[Required action]: Copy each of the following entries back without change.

[Entries supplied]:

========================

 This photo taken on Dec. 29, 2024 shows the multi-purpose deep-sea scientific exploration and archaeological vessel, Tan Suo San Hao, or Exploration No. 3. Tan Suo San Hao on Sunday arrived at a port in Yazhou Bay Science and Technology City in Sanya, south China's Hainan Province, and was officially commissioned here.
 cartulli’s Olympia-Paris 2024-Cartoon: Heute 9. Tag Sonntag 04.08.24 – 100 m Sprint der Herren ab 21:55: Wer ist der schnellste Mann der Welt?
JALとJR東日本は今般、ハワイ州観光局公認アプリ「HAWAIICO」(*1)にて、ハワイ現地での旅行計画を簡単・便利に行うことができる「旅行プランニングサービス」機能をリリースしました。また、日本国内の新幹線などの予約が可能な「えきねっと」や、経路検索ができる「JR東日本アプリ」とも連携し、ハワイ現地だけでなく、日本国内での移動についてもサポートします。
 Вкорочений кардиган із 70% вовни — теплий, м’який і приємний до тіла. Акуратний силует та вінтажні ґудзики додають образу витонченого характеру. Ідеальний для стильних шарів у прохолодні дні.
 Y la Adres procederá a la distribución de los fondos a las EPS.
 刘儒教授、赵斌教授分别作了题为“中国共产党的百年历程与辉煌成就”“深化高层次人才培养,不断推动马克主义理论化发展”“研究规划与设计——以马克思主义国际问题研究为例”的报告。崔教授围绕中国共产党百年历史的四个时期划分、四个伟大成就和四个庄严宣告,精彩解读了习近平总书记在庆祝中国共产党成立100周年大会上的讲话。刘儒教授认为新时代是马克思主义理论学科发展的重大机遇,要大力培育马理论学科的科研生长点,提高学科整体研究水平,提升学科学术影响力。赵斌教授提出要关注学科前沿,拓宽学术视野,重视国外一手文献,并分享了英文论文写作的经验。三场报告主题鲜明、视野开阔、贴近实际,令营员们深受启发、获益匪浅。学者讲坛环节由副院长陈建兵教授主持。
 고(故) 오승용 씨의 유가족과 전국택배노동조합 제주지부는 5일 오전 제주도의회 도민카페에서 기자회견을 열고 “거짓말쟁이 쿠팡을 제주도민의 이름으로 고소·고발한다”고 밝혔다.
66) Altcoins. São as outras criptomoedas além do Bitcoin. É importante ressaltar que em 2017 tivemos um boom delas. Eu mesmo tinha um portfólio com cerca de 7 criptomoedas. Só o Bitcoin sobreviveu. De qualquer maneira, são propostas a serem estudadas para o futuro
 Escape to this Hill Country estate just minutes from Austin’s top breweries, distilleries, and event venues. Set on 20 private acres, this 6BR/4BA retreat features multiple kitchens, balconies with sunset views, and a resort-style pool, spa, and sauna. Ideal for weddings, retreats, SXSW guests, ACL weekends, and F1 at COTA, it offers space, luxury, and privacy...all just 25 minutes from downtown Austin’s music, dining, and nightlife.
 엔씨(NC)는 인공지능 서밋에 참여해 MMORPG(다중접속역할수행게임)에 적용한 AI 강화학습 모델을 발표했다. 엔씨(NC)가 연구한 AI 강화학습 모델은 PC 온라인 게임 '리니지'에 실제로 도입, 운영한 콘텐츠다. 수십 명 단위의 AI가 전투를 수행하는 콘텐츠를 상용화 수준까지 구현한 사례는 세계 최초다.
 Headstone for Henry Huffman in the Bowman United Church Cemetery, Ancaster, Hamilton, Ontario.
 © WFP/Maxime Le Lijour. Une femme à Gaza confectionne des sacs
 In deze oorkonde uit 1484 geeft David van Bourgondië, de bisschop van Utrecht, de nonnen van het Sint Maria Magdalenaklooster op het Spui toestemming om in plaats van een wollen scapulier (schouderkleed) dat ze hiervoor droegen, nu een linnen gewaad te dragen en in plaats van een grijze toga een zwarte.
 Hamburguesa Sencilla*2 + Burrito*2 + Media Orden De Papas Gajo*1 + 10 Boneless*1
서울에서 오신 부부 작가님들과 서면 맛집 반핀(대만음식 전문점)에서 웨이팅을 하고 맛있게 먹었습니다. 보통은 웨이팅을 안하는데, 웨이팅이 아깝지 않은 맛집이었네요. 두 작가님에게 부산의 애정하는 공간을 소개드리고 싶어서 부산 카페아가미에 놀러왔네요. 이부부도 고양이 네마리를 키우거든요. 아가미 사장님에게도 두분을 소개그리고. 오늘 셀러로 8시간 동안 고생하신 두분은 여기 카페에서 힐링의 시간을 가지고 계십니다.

========================

[Exercise output]:
 This photo taken on Dec. 29, 2024 shows the multi-purpose deep-sea scientific exploration and archaeological vessel, Tan Suo San Hao, or Exploration No. 3. Tan Suo San Hao on Sunday arrived at a port in Yazhou Bay Science and Technology City in Sanya, south China's Hainan Province, and was officially commissioned here.
 cartulli’s Olympia-Paris 2024-Cartoon: Heute 9. Tag Sonntag 04.08.24 – 100 m Sprint der Herren ab 21:55: Wer ist der schnellste Mann der Welt?
JALとJR東日本は今般、ハワイ州観光局公認アプリ「HAWAIICO」(*1)にて、ハワイ現地での旅行計画を簡単・便利に行うことができる「旅行プランニングサービス」機能をリリースしました。また、日本国内の新幹線などの予約が可能な「えきねっと」や、経路検索ができる「JR東日本アプリ」とも連携し、ハワイ現地だけでなく、日本国内での移動についてもサポートします。
 Вкорочений кардиган із 70% вовни — теплий, м’який і приємний до тіла. Акуратний силует та вінтажні ґудзики додають образу витонченого характеру. Ідеальний для стильних шарів у прохолодні дні.
 Y la Adres procederá a la distribución de los fondos a las EPS.
 刘儒教授、赵斌教授分别作了题为“中国共产党的百年历程与辉煌成就”“深化高层次人才培养,不断推动马克主义理论化发展”“研究规划与设计——以马克思主义国际问题研究为例”的报告。崔教授围绕中国共产党百年历史的四个时期划分、四个伟大成就和四个庄严宣告,精彩解读了习近平总书记在庆祝中国共产党成立100周年大会上的讲话。刘儒教授认为新时代是马克思主义理论学科发展的重大机遇,要大力培育马理论学科的科研生长点,提高学科整体研究水平,提升学科学术影响力。赵斌教授提出要关注学科前沿,拓宽学术视野,重视国外一手文献,并分享了英文论文写作的经验。三场报告主题鲜明、视野开阔、贴近实际,令营员们深受启发、获益匪浅。学者讲坛环节由副院长陈建兵教授主持。
 고(故) 오승용 씨의 유가족과 전국택배노동조합 제주지부는 5일 오전 제주도의회 도민카페에서 기자회견을 열고 “거짓말쟁이 쿠팡을 제주도민의 이름으로 고소·고발한다”고 밝혔다.
66) Altcoins. São as outras criptomoedas além do Bitcoin. É importante ressaltar que em 2017 tivemos um boom delas. Eu mesmo tinha um portfólio com cerca de 7 criptomoedas. Só o Bitcoin sobreviveu. De qualquer maneira, são propostas a serem estudadas para o futuro
 Escape to this Hill Country estate just minutes from Austin’s top breweries, distilleries, and event venues. Set on 20 private acres, this 6BR/4BA retreat features multiple kitchens, balconies with sunset views, and a resort-style pool, spa, and sauna. Ideal for weddings, retreats, SXSW guests, ACL weekends, and F1 at COTA, it offers space, luxury, and privacy...all just 25 minutes from downtown Austin’s music, dining, and nightlife.
 엔씨(NC)는 인공지능 서밋에 참여해 MMORPG(다중접속역할수행게임)에 적용한 AI 강화학습 모델을 발표했다. 엔씨(NC)가 연구한 AI 강화학습 모델은 PC 온라인 게임 '리니지'에 실제로 도입, 운영한 콘텐츠다. 수십 명 단위의 AI가 전투를 수행하는 콘텐츠를 상용화 수준까지 구현한 사례는 세계 최초다.
 Headstone for Henry Huffman in the Bowman United Church Cemetery, Ancaster, Hamilton, Ontario.
 © WFP/Maxime Le Lijour. Une femme à Gaza confectionne des sacs
 In deze oorkonde uit 1484 geeft David van Bourgondië, de bisschop van Utrecht, de nonnen van het Sint Maria Magdalenaklooster op het Spui toestemming om in plaats van een wollen scapulier (schouderkleed) dat ze hiervoor droegen, nu een linnen gewaad te dragen en in plaats van een grijze toga een zwarte.
 Hamburguesa Sencilla*2 + Burrito*2 + Media Orden De Papas Gajo*1 + 10 Boneless*1
서울에서 오신 부부 작가님들과 서면 맛집 반핀(대만음식 전문점)에서 웨이팅을 하고 맛있게 먹었습니다. 보통은 웨이팅을 안하는데, 웨이팅이 아깝지 않은 맛집이었네요. 두 작가님에게 부산의 애정하는 공간을 소개드리고 싶어서 부산 카페아가미에 놀러왔네요. 이부부도 고양이 네마리를 키우거든요. 아가미 사장님에게도 두분을 소개그리고. 오늘 셀러로 8시간 동안 고생하신 두분은 여기 카페에서 힐링의 시간을 가지고 계십니다.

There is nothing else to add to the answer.